__Work task__: Pictures aside, every line of the listing should be given again exactly.

__Data extract__:

* * * *

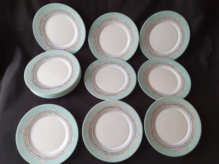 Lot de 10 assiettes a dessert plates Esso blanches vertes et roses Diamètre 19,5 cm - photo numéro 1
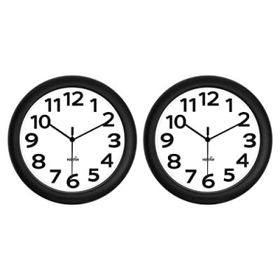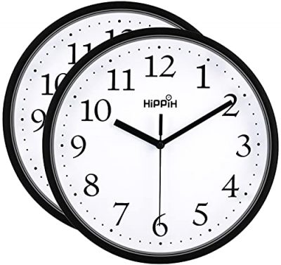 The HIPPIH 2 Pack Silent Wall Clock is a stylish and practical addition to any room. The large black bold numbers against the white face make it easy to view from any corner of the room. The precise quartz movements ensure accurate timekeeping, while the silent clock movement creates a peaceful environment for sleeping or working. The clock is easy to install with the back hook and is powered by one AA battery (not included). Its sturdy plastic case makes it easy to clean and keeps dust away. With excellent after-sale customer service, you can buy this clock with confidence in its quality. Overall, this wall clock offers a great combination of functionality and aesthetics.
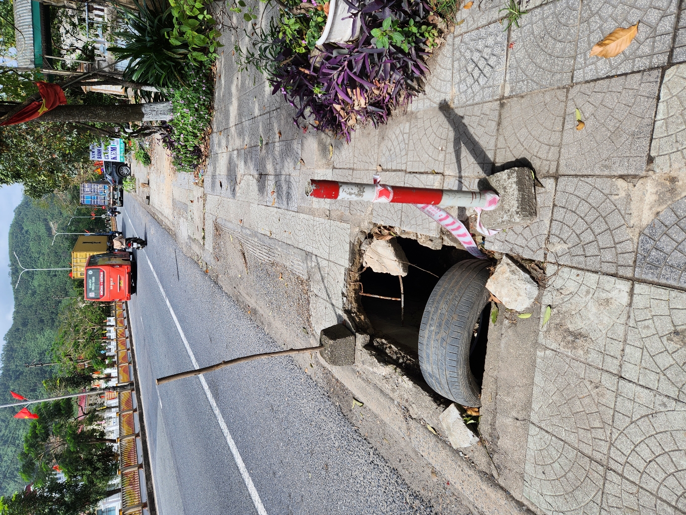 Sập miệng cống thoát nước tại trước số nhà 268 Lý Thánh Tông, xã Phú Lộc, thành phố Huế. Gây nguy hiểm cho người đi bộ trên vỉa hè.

* * * *

__Reply__:
 Lot de 10 assiettes a dessert plates Esso blanches vertes et roses Diamètre 19,5 cm - photo numéro 1
 The HIPPIH 2 Pack Silent Wall Clock is a stylish and practical addition to any room. The large black bold numbers against the white face make it easy to view from any corner of the room. The precise quartz movements ensure accurate timekeeping, while the silent clock movement creates a peaceful environment for sleeping or working. The clock is easy to install with the back hook and is powered by one AA battery (not included). Its sturdy plastic case makes it easy to clean and keeps dust away. With excellent after-sale customer service, you can buy this clock with confidence in its quality. Overall, this wall clock offers a great combination of functionality and aesthetics.
 Sập miệng cống thoát nước tại trước số nhà 268 Lý Thánh Tông, xã Phú Lộc, thành phố Huế. Gây nguy hiểm cho người đi bộ trên vỉa hè.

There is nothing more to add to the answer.